Yag lasers are used to do this as they have very large peak powers and the depth of the mark can be controlled, the base aluminium is exposed in its natural state and this kind of marking can be done in argon etc.
Trumpf inc do A lot of this.
the surface properties are as bare aluminium.
The anodised coating having a different density reflectivity and absorption to the Al, this will vapourise more easily than the aluminum.
The temperatures are in many thousands but the material is not melting but vaporising instantly (solid to gas) and in most cases plasma, with no heat effected zone.
Hope this helps
inventor - Wales, UK
Thanks for the response. I have completed some of my investigation and agree with most of your statements. The one I disagree with is the final surface (material) condition after the vaporization of the anodizing. The surface can NOT be bare Al. as it has extremely good corrosion resistance. Bare Al, when submerged in salt fog or concentrated salt water, will corrode very quickly (within hours) and visible pits form. I have done the above tests with a control specimen and several etched nameplates. I have literally dissolved a bare Al plate within 3 month and the etched plates show absolutely no deterioration. so far I suspect there are extremely strong oxides protecting the surface.

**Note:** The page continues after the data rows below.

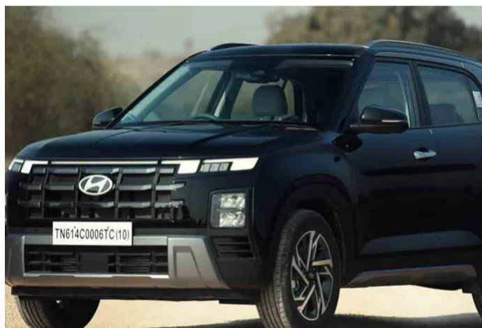
మార్పులు చేశారు. ఫ్రంట్లో బ్లౌంక్ బెట్ గ్రిల్లె విత్ ఏ సెంటర్ మౌంటెడ్ చార్జింగ్ పోర్ట్, రేర్లో రిడిజైన్డ్ ఉంటాయి

దక్షిణ కొరియా ఆటోమొబైల్ మేజర్ హ్యూందాయ్ మోటార్ ఇండియా త్వరలో తన ఎలక్ట్రిక్ ఎన్యూవీ క్రెటా ఈవీ కారును ఆవిష్కరించనున్నది. భారత్ మొబిలిటీ గ్లోబల్ ఎక్స్ పో-2025లో దీన్ని ప్రదర్శించే అవకాశాలు ఉన్నాయి. హ్యూందాయ్ నుంచి భారత్ మార్కెట్లోకి వస్తున్న మూడో ఎలక్ట్రిక్ వెహికల్ ఇది. మార్కెట్ నుంచి ఉపసంహరించిన కోనా ఎలక్ట్రిక్ స్టానంలో క్రెటా ఈవీ వస్తోంది. మార్కెట్లో ఇప్పటికే ఉన్న ఐయూనిక్ 5 తోపాటు టాటా మోటార్స్ ఎలక్ట్రిక్ కార్లకు హ్యూందాయ్ క్రెటా ఈవీ గట్టి సవాల్ విసురుతుందని భావిస్తున్నారు. హ్యూందాయ్ క్రెటా - 2024 మాదిరిగానే హ్యూందాయ్ క్రెటా ఎలక్ట్రిక్ వస్తోంది. ఎలక్ట్రిక్ వర్షన్ కారు కోసం కొన్ని కీలక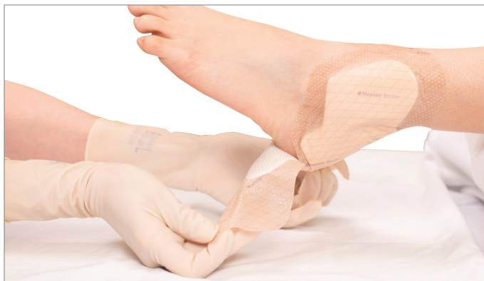
2. Continuer à détacher le pansement de la peau à l'aide des languettes de manipulation jusqu'à ce que la peau soit exposée pour permettre de vérifier celle-ci.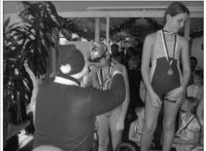
A gyerekek nagyon várták nem csak a mikulást, de a versenyt is

verseny. S ha már rávették az elnökséget a megrendezésre több szülő a zsebébe nyúlt, hogy a hiányzó összeget összedobja. Mert ugye a gyerekek nagyon várták nem csak a mikulást, de a versenyt is.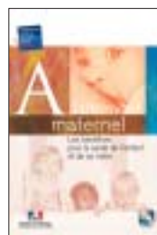
Allaitement maternel Les bénéfices pour la santé de l'enfant et de sa mère

sur le site : www.sante.gouv.fr Thème « nutrition »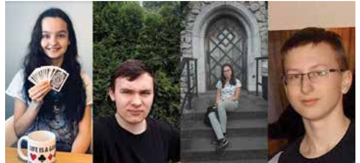
Drużyna Beskidzkiego Stowarzyszenia Brydża Sportowego Olimpijczyk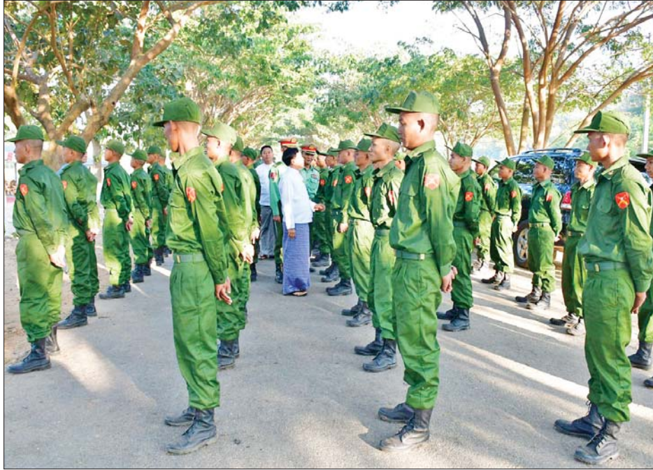
နေပြည်တော်ကောင်စီဥက္ကဋ္ဌ ဦးသန်းထွန်းဦး ပြည်သူ့စစ်မှုထမ်းသင်တန်း အမှတ်စဉ်(၉) မှ သင်တန်းသားများအား လိုက်လံနှုတ်ဆက်အားပေးစဉ်။

နိုင်ငံတော်ကာကွယ်ရေးနှင့် လုံခြုံရေးတာဝန် ထမ်းဆောင်နိုင်ရန်အတွက် ပြည်သူ့စစ်မှုထမ်း သင်တန်းအမှတ်စဉ်(၉)တွင်ပါဝင်တက်ရောက်ကြ မည့် အရည်အချင်းကိုကိုင်ညီသူ နိုင်ငံ့သားကောင်းများ သည် သက်ဆိုင်ရာတိုင်းစစ်ဌာနချုပ် နယ်မြေများရှိ သင်တန်းကျောင်းအသီးသီးသို့ရောက်ရှိ၍ လိုအပ် သည့် ကြိုတင်ပြင်ဆင်မှုများကို ဆောင်ရွက်ခဲ့ကြ သည်။ ယနေ့နံနက်ပိုင်းတွင်အဆိုပါသင်တန်းကျောင်း အသီးသီး၌ ပြည်သူ့စစ်မှုထမ်းသင်တန်းအမှတ်စဉ်(၉) သင်တန်းဖွင့်ပွဲများ ပြုလုပ်ကြသည်။ သင်တန်းဖွင့်ပွဲ များတွင် သင်တန်းကျောင်းများအလိုက် ကျောင်းအုပ် ကြီးများက သင်တန်းဖွင့်အမှာစကားများ ပြောကြား ကြသည်။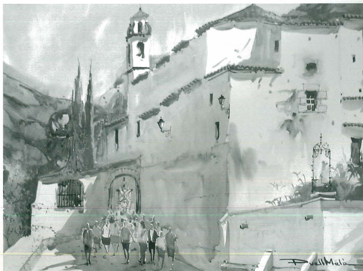
Ermita de la Pietat "Concurs de Pintura Ràpida"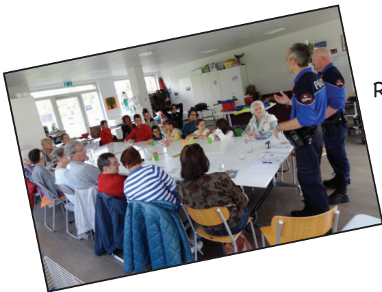
Rencontre avec la police de proximité - 3.05.17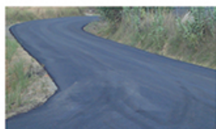
/ LA RAMIRA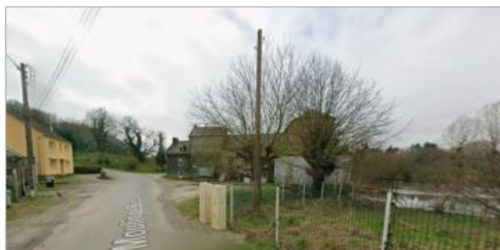
Accès au Moulin de beson

GÉOLOCALISATION Coordonnées WGS84 : X: -2.43097163 / Y: 47.91292380 Coordonnées RGF93 (Lambert 93) X: 294614.67 / Y: 6770894.39 Coordonnées RGF93 (ETRS89) : X: -2.4309716 / Y: 47.9129238 Code Hydro : J83-0300 Rive de référence : Droite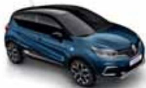
Plava Marine (NL) Krov crna Étoilé (PE)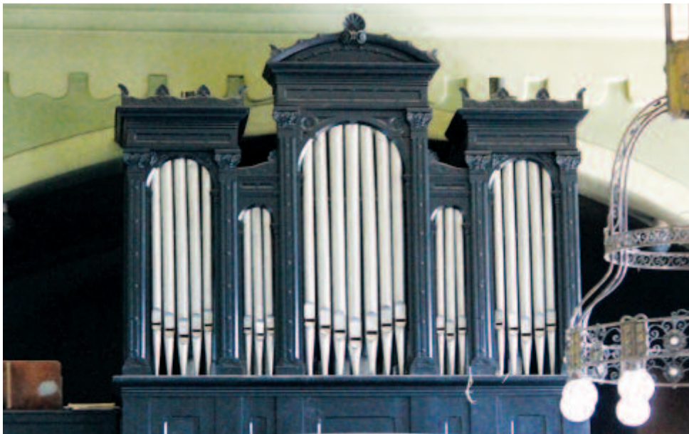
A díszterem orgonája

1920 áprilisától egészen 1939. szeptember 1-ig a kollégium igazgatója Nagy Endre. Ez az időszak a majdnem 400 éves iskola egyik legnehezebb időszaka, mivel története során először válik kisebbségi iskolává, lét és nemlét határán kell mindennapos harcot folytatnia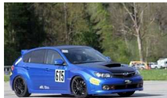
Martial en pleine attaque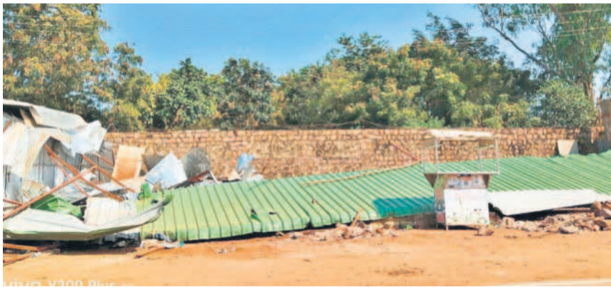
కూల్చిన బీఆర్ఎస్ మాజీ ఉపసర్పంచ్ కుటుంబం చెందిన దుకాణాలు (ఫైల్)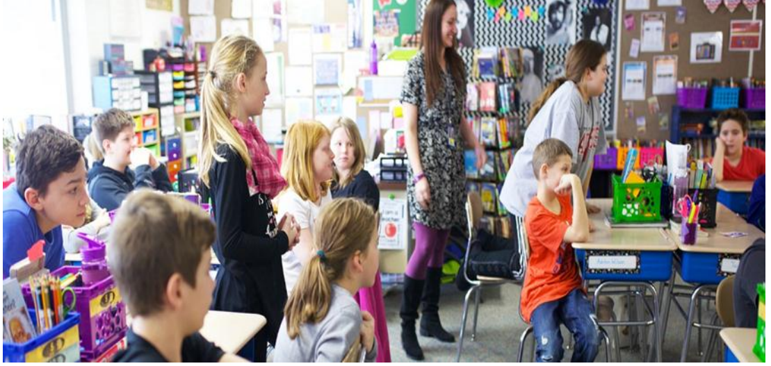
Şekil 7: Serbest/Bağımsız Okul Sınıf Ortamı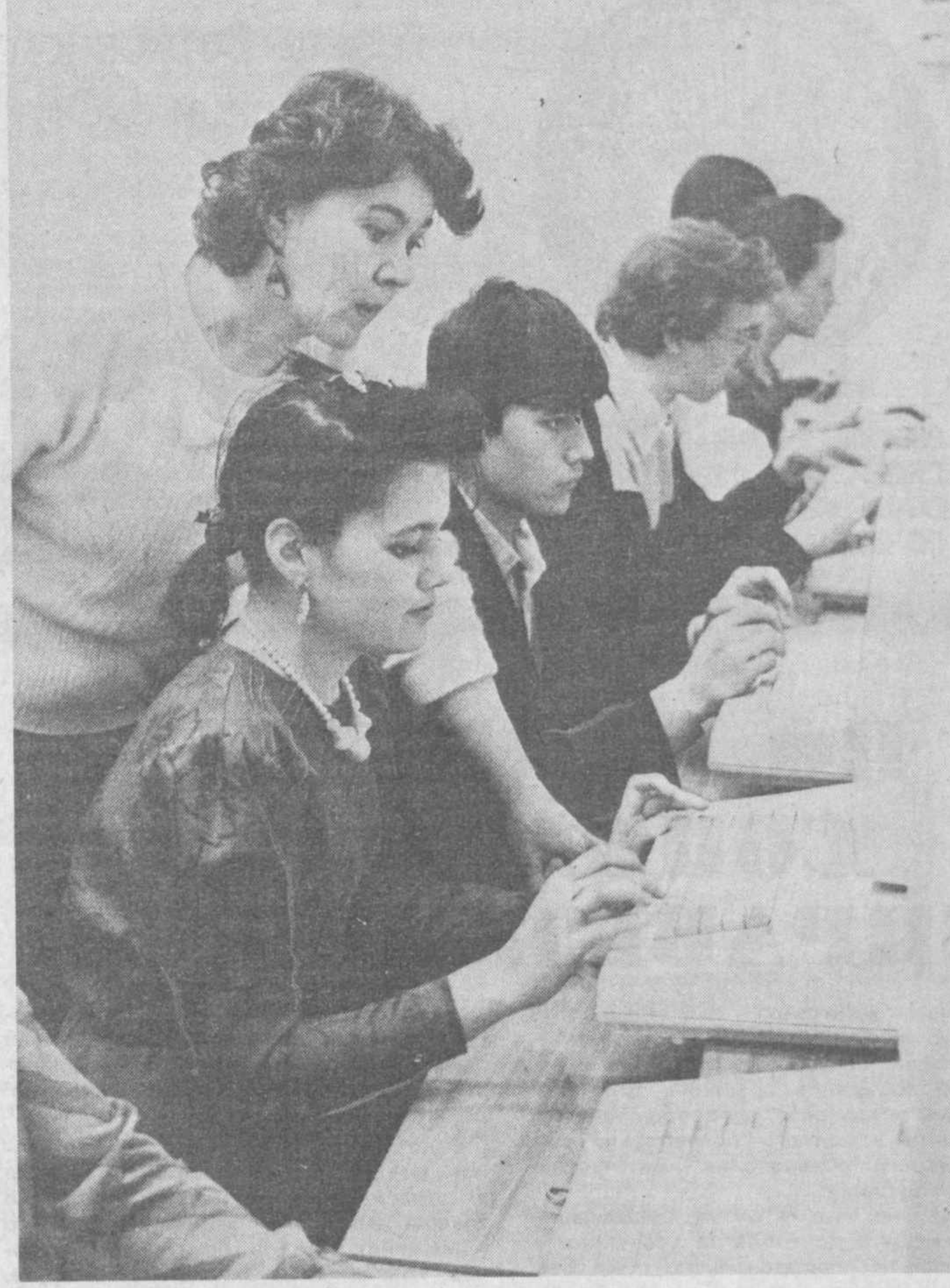
Школьник учится на менеджера

ТАШКЕНТ. Учебный класс по подготовке менеджеров создан в вечерней средней общеобразовательной школе № 37 Чиланзарского района Ташкента. Юноши и девушки учатся здесь по программе, рассчитанной на три года, и после окончания школы получают вместе с аттестатом зрелости свидетельство о прохождении специального курса. Это, конечно, не означает, что все они пойдут работать менеджерами — многое будет зависеть от индивидуальных способностей молодых людей. Но вне всяких сомнений, они станут более подготовленными к жизни, пройдут предметный курс, который в школе не изучают: как, например, подготовка к деловой жизни, основы маркетинга, сноровки чтения, аудиторного. Кроме русского и узбекского, овладеют английским и арабским языками. В любом случае выпускник сможет работать на компьютере и печатать на пишущей машинке, а это тоже даст ему больше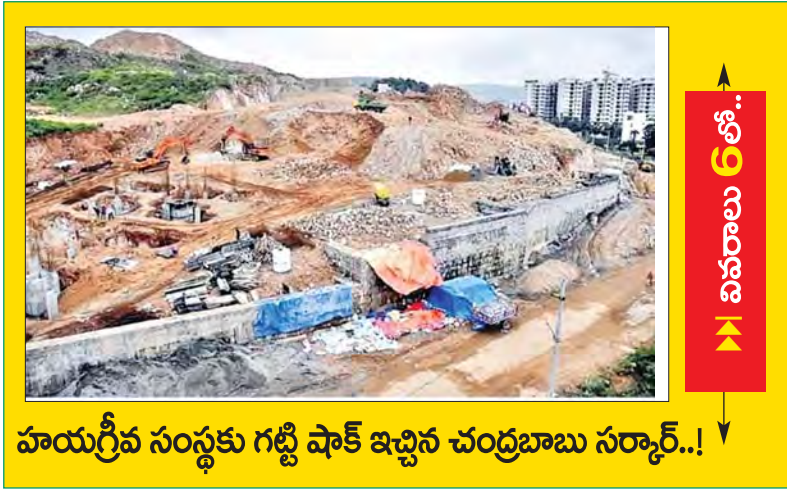
హయగ్రీవ సంస్థకు గట్టి పాకే ఇచ్చిన చంద్రబాబు సర్కార్..!

I have just not gotten to that point of the investigation yet.
- Twinsburg, Ohio
A. I believe that if you are laser marking rather than actually etching a *dyed* anodized surface, the dye is ablated (or more probably rendered colorless) without disrupting the anodization. Sorry if this is not pertinent to your situation.David Janszen
- Columbus, Ohio
October 29, 2009
A. Hey I do not have experience in laser etching but I have anodised aluminum to mil specs and if you don't know aluminum can be corrosion resistant if properly sealed for years at .0003" thickness and can be H2SO4 anodised up to .0006", or .004" if hard anodised and the ideal aluminum grade is 6061. So if etching doesn't surpass the min thickness this may be of some help. Also there are thickness testers and resistance meters to check your coating; hope it helps.John Luisi
- Whangarei. New Zealand
A. Readers, you may wish to search the site for related topics, or review the following closely related topics:
Thread 14847, "Safe acid etching of aluminum"
Thread 22035, "Need a replacement process for etching aluminum"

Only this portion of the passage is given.